[Stored dataset items]
┌────────

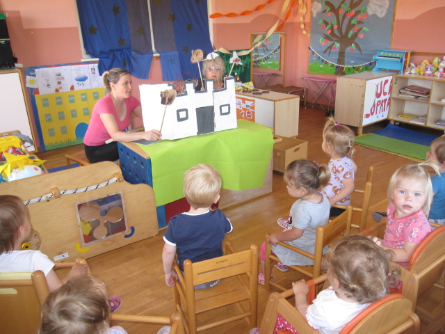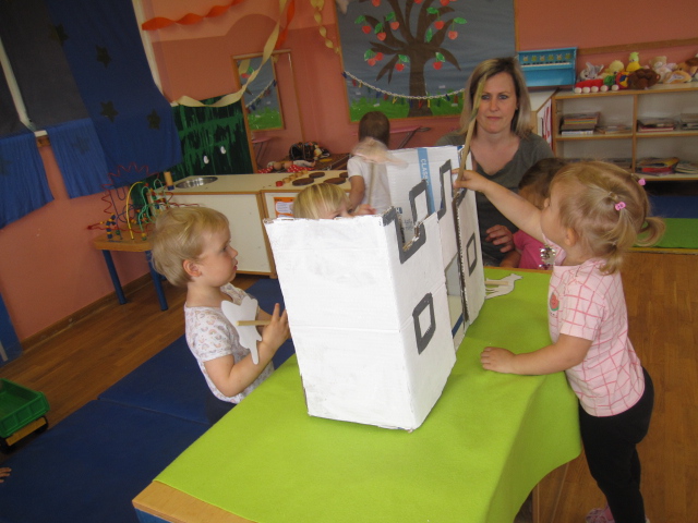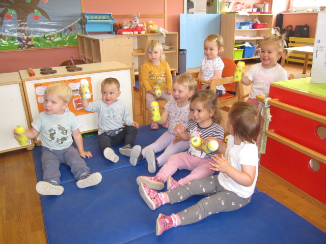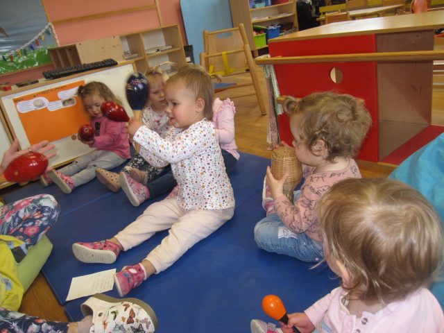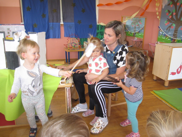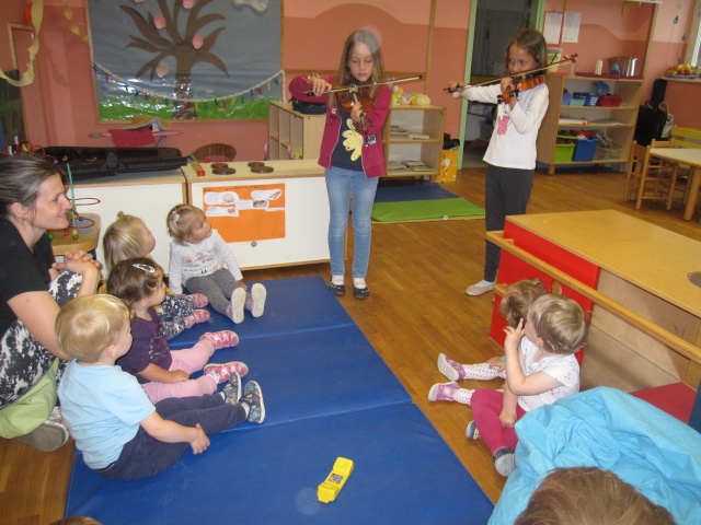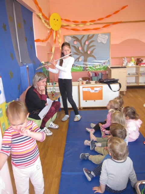 V beli igralnici smo spoznavali male instrumente, učenke iz osnovne šole pa so nam predstavile flavto in violino. Igrali smo se glasbeno-didaktične igrice, spoznali nove rajalne pesmice, ob petju pesmic smo se spremljali z malimi instrumenti ter poslušali in si ogledali glasbeno pravljico Grad gradiček. Za zaključek si je vsak izdelal svojo ropotuljico.
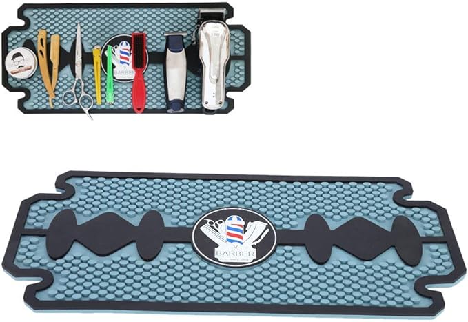 Mat que se coloca encima de la estación del barbero o en la gaveta. Este mat evita que las maquinas o tus equipo se resbalen pero también evita que las maquinas se guayen.
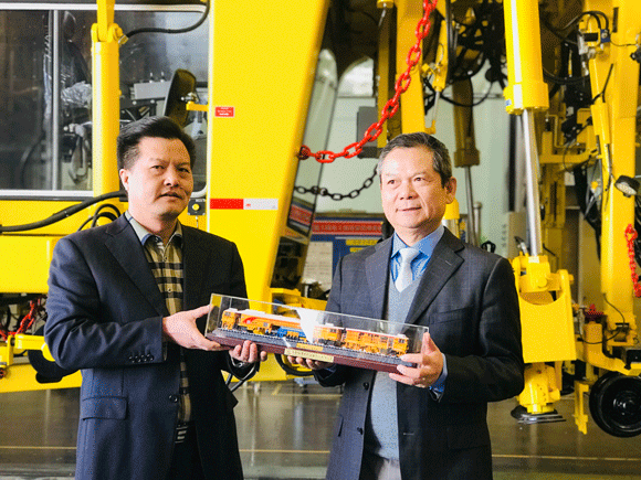 中国铁建高新装备股份有限公司党委书记赵晖(左)向中国机械设备工程股份有限公司第六成套事业部总经理尹志新(右)赠送大型养路机械模型
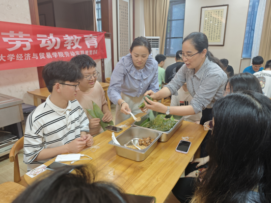 在绿意盎然的初夏时节,金粽飘香。在端午节来临之际,为传承中华优秀传统文化,弘扬爱国精神,激发学生劳动的热情,2024年6月6日下午,经济与贸易学院联合后勤保障部在求是楼食堂开展“传承传统文化,加强劳动实践”主题劳动实践教育活动。学院党委副书记李曼、辅导员、班主任、食堂工作人员以及五十余名学生参与,师生共同体验粽子的制作过程、感受传统节日文化的魅力。
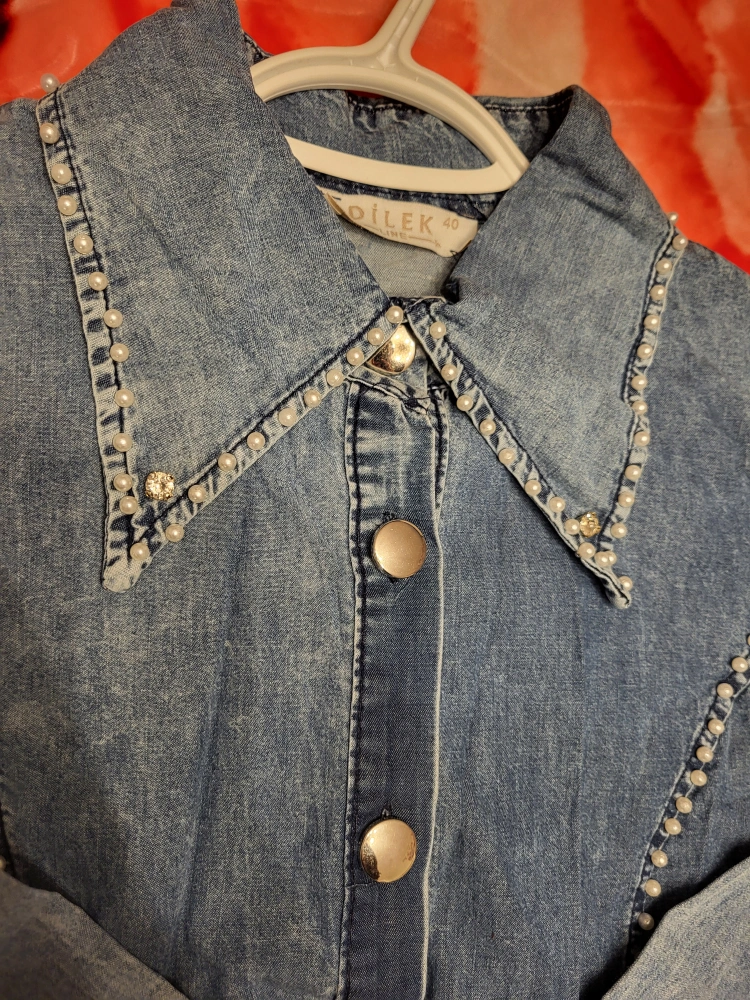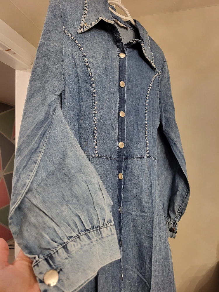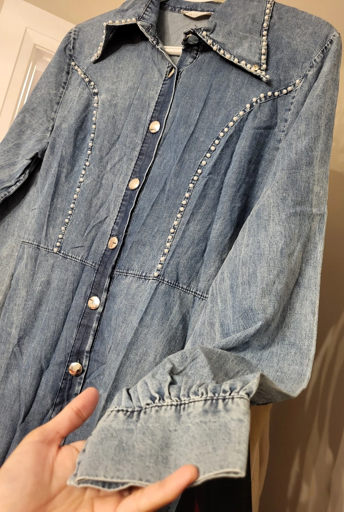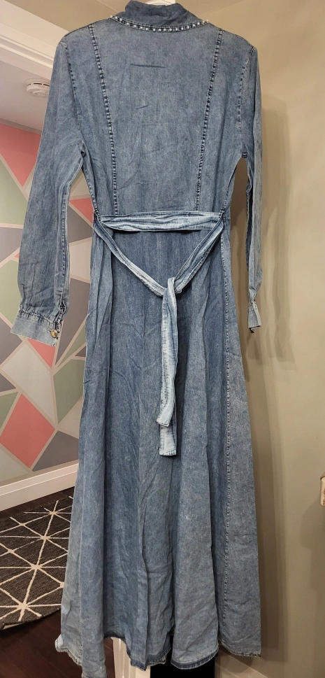 Light wash denim dress. Features long sleeves, button closure, and a self-tie belt. Embellished with pearl accents around the collar and down the front. Size 40. $65
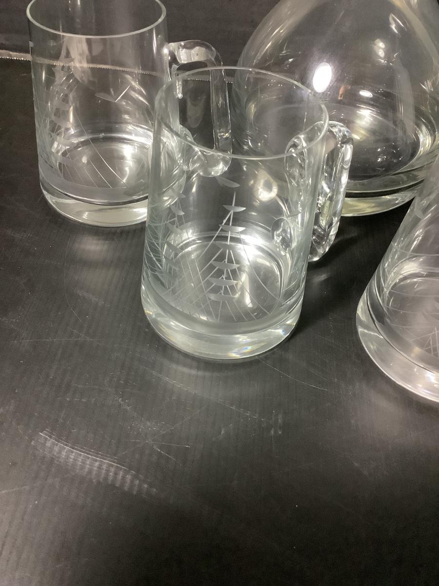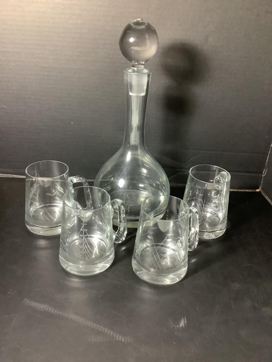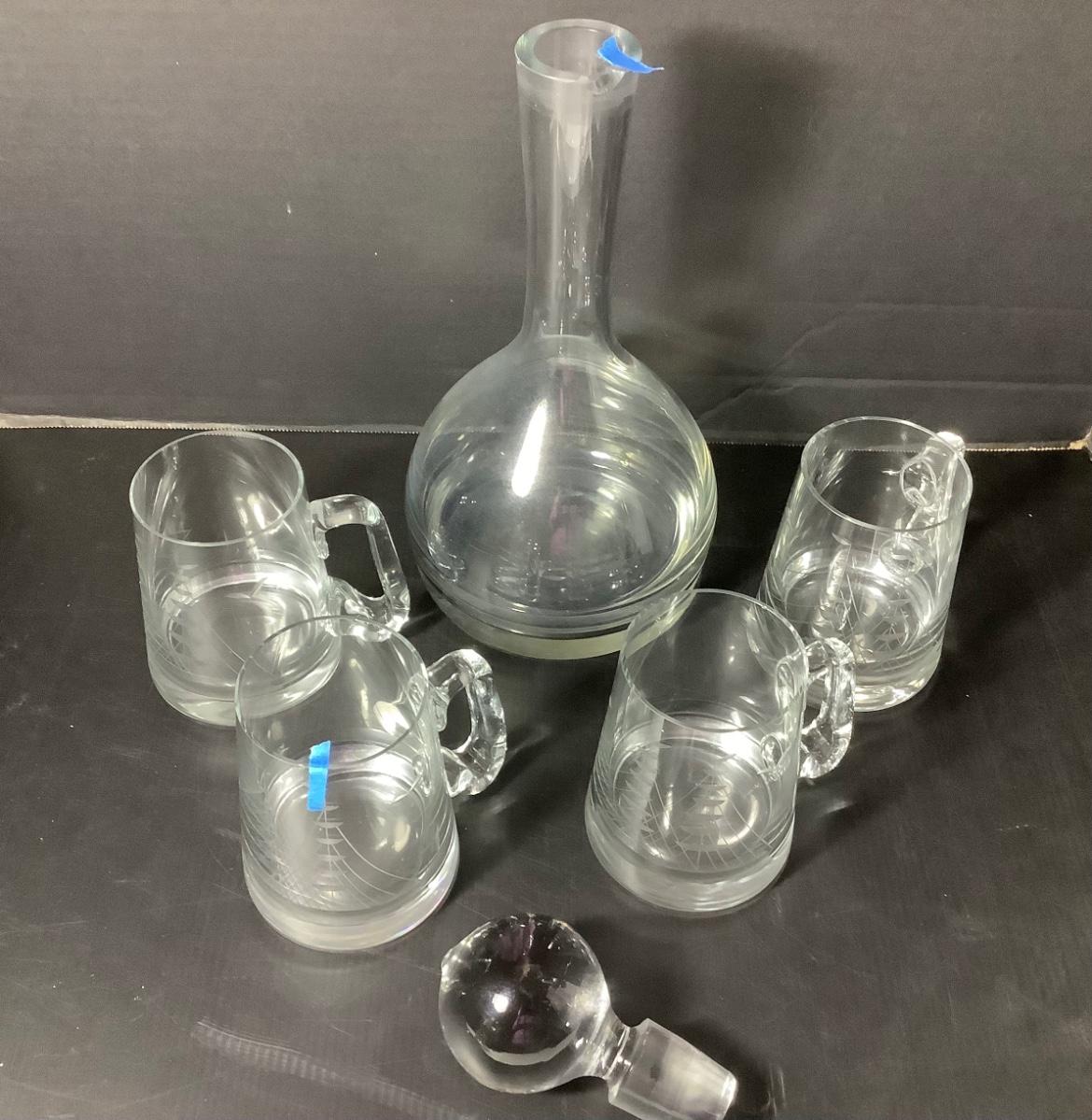 1031 Decanter & Crystal Mugs with Etched Sailboats

└────────

» **WHAT TO WORK ON**
Only the text of the entries belongs in the answer, copied exactly; the pictures stay out.

» **SOLUTION TO THE EXERCISE**
 V beli igralnici smo spoznavali male instrumente, učenke iz osnovne šole pa so nam predstavile flavto in violino. Igrali smo se glasbeno-didaktične igrice, spoznali nove rajalne pesmice, ob petju pesmic smo se spremljali z malimi instrumenti ter poslušali in si ogledali glasbeno pravljico Grad gradiček. Za zaključek si je vsak izdelal svojo ropotuljico.
 Mat que se coloca encima de la estación del barbero o en la gaveta. Este mat evita que las maquinas o tus equipo se resbalen pero también evita que las maquinas se guayen.
 中国铁建高新装备股份有限公司党委书记赵晖(左)向中国机械设备工程股份有限公司第六成套事业部总经理尹志新(右)赠送大型养路机械模型
 在绿意盎然的初夏时节,金粽飘香。在端午节来临之际,为传承中华优秀传统文化,弘扬爱国精神,激发学生劳动的热情,2024年6月6日下午,经济与贸易学院联合后勤保障部在求是楼食堂开展“传承传统文化,加强劳动实践”主题劳动实践教育活动。学院党委副书记李曼、辅导员、班主任、食堂工作人员以及五十余名学生参与,师生共同体验粽子的制作过程、感受传统节日文化的魅力。
 Light wash denim dress. Features long sleeves, button closure, and a self-tie belt. Embellished with pearl accents around the collar and down the front. Size 40. $65
 1031 Decanter & Crystal Mugs with Etched Sailboats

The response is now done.